Exercise objective.
Lines from the one containing "- Rhinestones: Pack" through the final line of the data, restated word for word and free of pictures, make up the whole answer.

Given entries.
====================
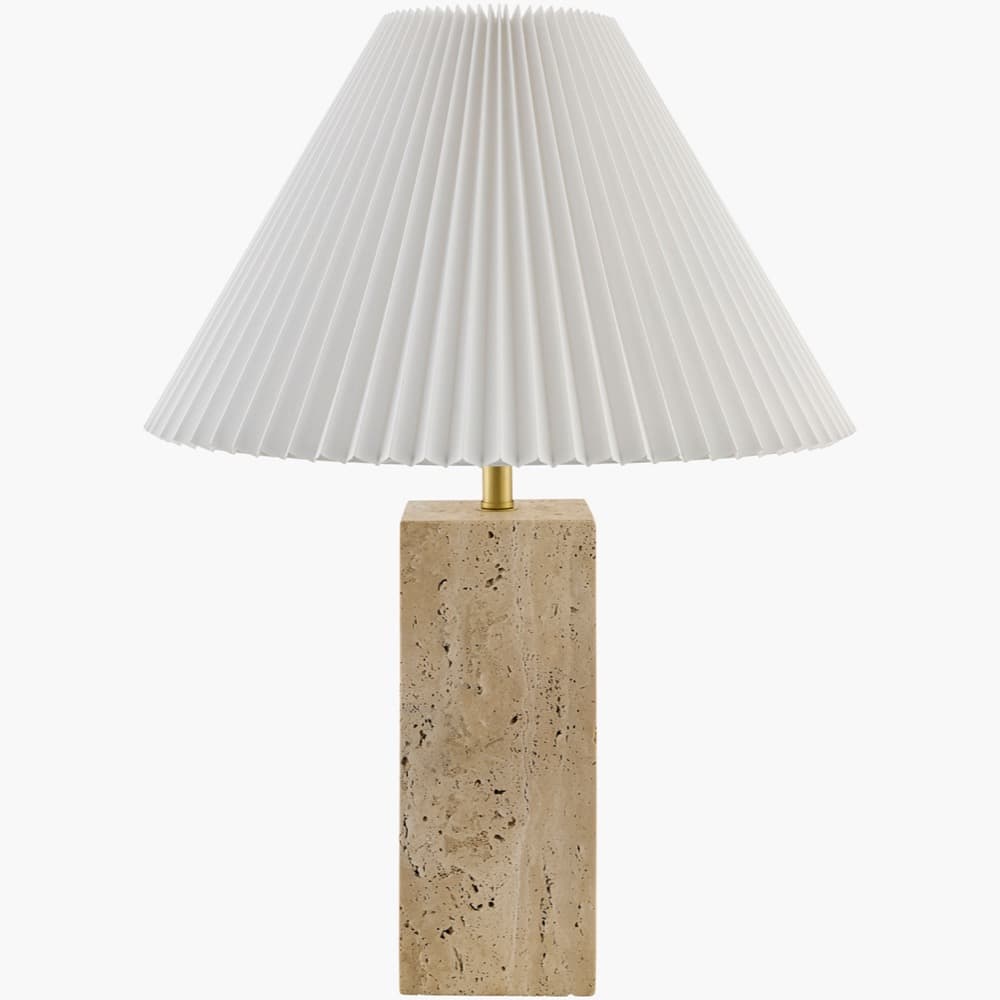 Designed by Galey Alix for Livabliss, the Autumn Laurel collection features solid travertine bases and trendy pleated linen shades. These lamps combine the textures of natural stone and classic linen. Their neutral color palette ensures they fit in any space, while their unique look ensures they add visual interest.
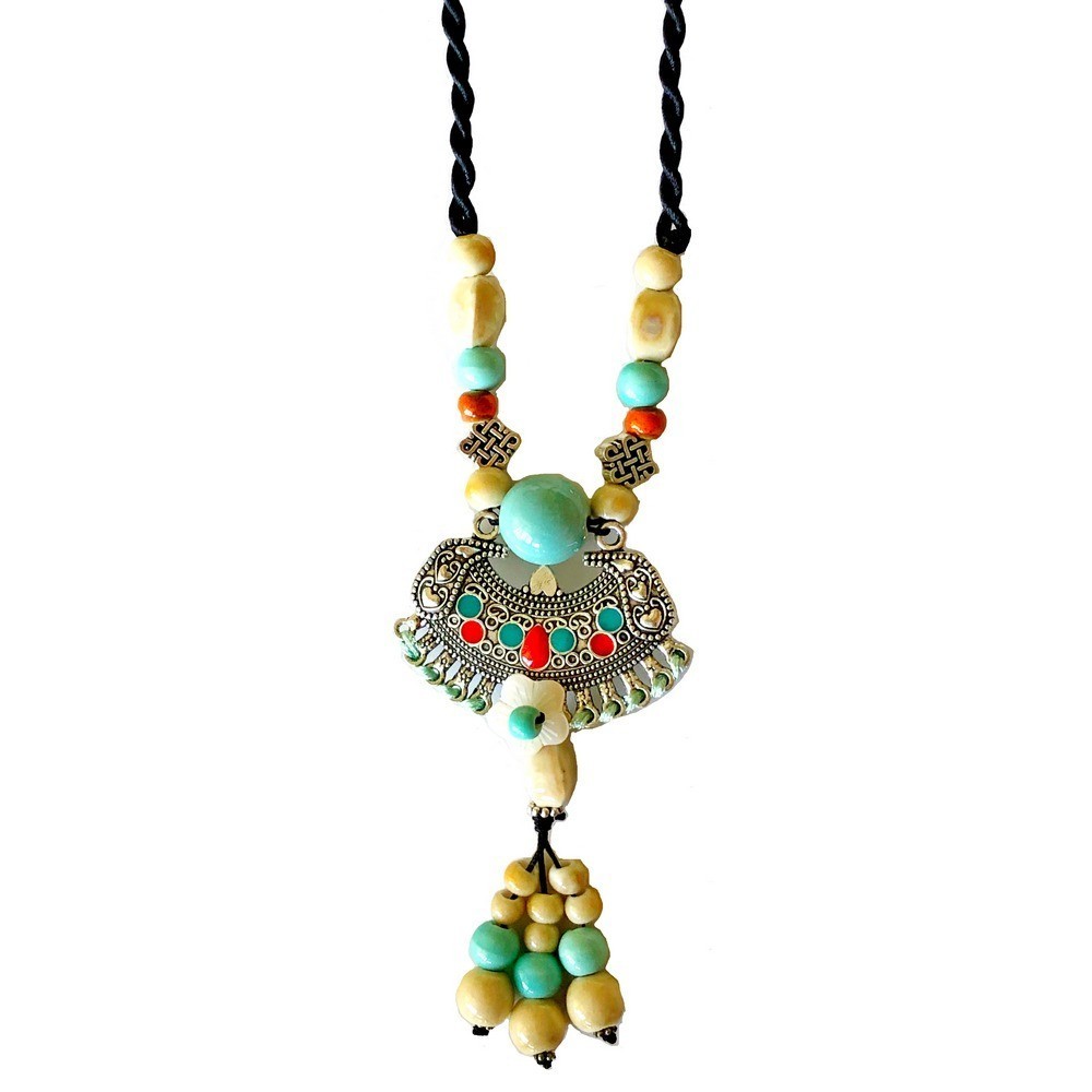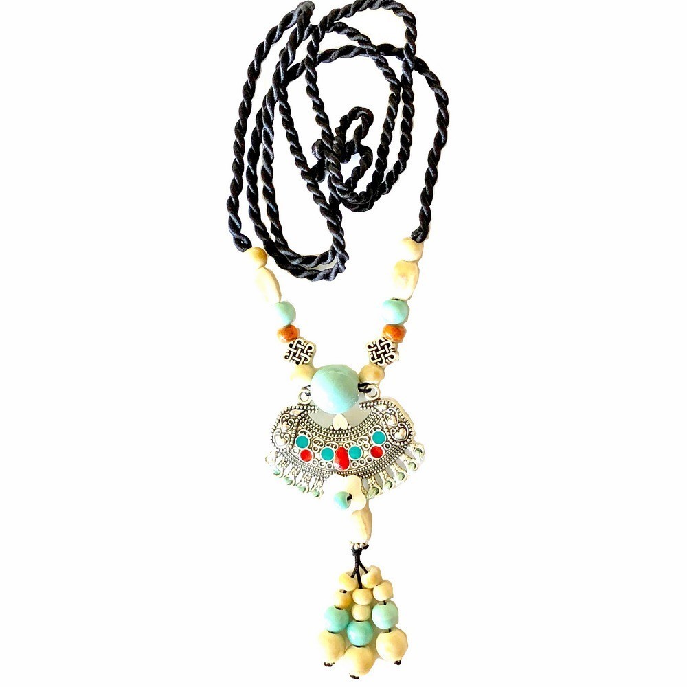 A silk rope is attached to a bunch of colorful Raku beads and adorned with metal pendant.
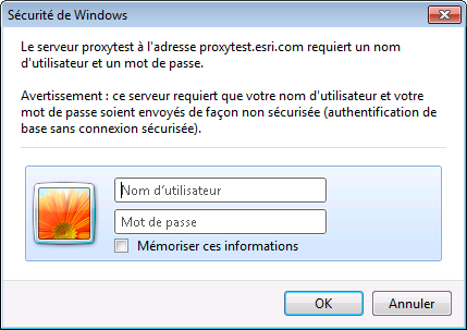Indiquez le nom d'utilisateur et le mot de passe fournis par votre administrateur système. Pour les connexions suivantes, ArcGIS Explorer ne vous demandera pas ces informations. Si vous devez modifier vos paramètres, vous pouvez le faire dans la page Avancé de la boîte de dialogue Options d'ArcGIS Explorer. Vous pourrez accéder à une section intitulée Authentification du serveur proxy. Remarquez toutefois que votre navigateur demande un nom d'utilisateur et un mot de passe si vous appelez le navigateur dans le cadre d'une application sur votre système. La boîte de dialogue suivante peut ainsi s'afficher :
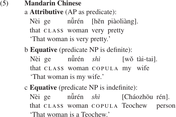 In the latter case, the meaning of the equative clause is very much like that of an attributive clause; compare the equative clause in (4c) with the attributive clause in (4d). But the grammatical structure of an equative clause is normally the same whether the predicate NP is definite or indefinite. In Mandarin Chinese, for example, no copula is used for attributive clauses (those with AP predicates), as illustrated in (5a). However, a copula (linking verb) is used for equative clauses, whether the predicate NP is definite (5b) or indefinite (5c). (The predicate phrase is enclosed in brackets in these examples.)
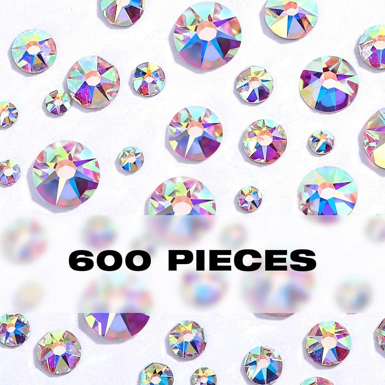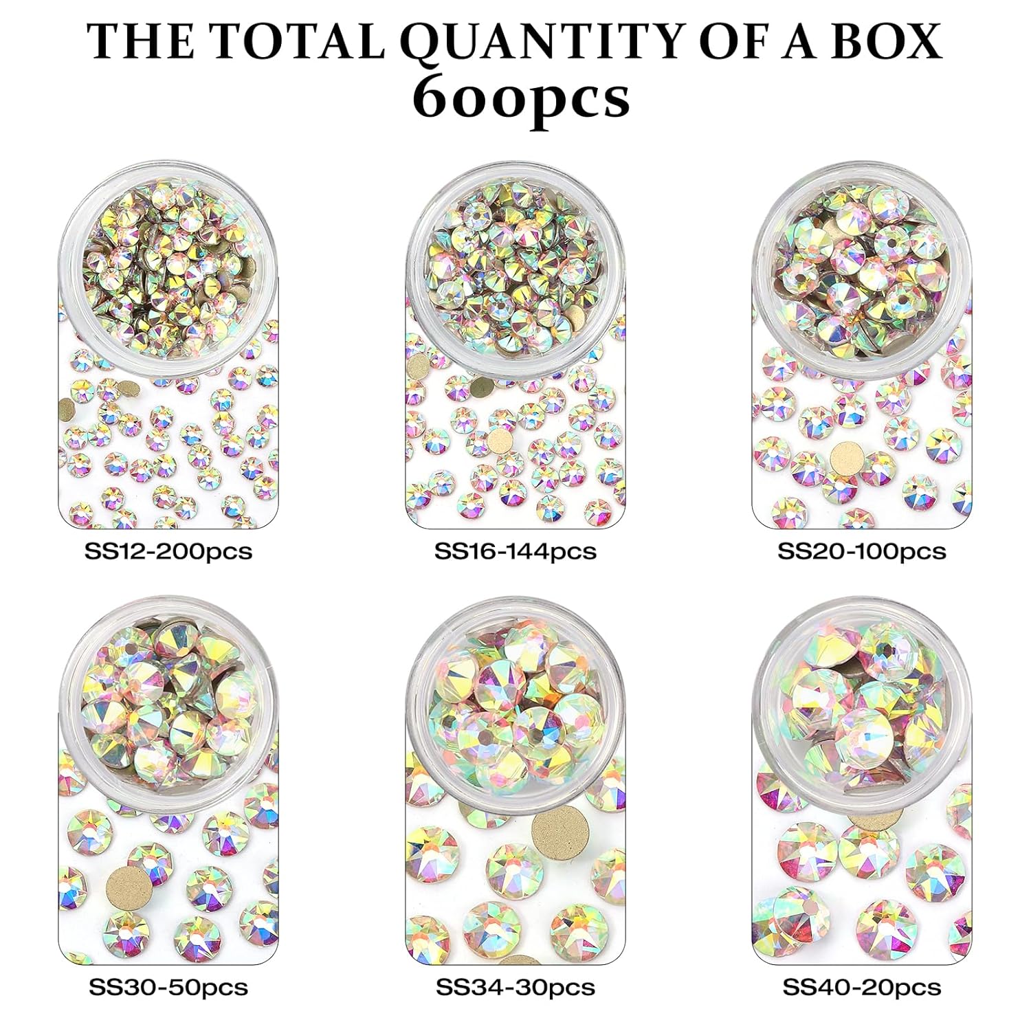 - Rhinestones: Pack of 600 Pieces Crystal AB Rhinestones, mixed 6 sizes, SS12 (3.0-3.2mm), SS16 (3.8-4.0mm), SS20 (4.6-4.8mm), SS30 (6.4-6.6mm), SS34 (7.1-7.3mm), SS40 (8.3-8.6mm).
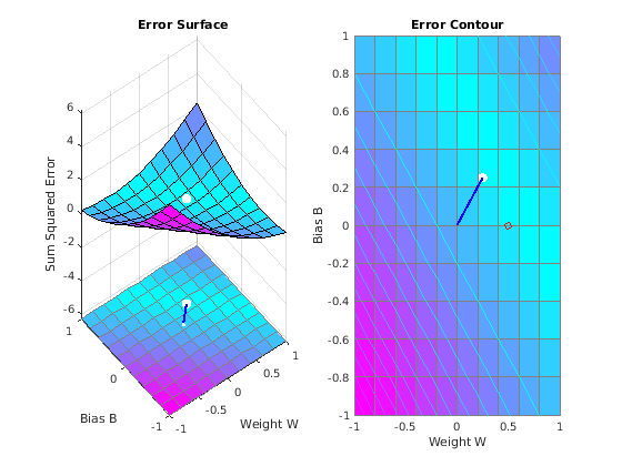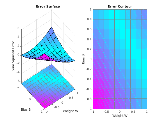 ERRSURF вычисляет ошибки для y нейрона с y областью значений возможного веса и значений смещения. PLOTES строит эту ошибочную поверхность с y контурным графиком внизу. Дно долины на ошибочной поверхности соответствует бесконечным решениям этой проблемы.
====================
Solution for this task.
 - Rhinestones: Pack of 600 Pieces Crystal AB Rhinestones, mixed 6 sizes, SS12 (3.0-3.2mm), SS16 (3.8-4.0mm), SS20 (4.6-4.8mm), SS30 (6.4-6.6mm), SS34 (7.1-7.3mm), SS40 (8.3-8.6mm).
 ERRSURF вычисляет ошибки для y нейрона с y областью значений возможного веса и значений смещения. PLOTES строит эту ошибочную поверхность с y контурным графиком внизу. Дно долины на ошибочной поверхности соответствует бесконечным решениям этой проблемы.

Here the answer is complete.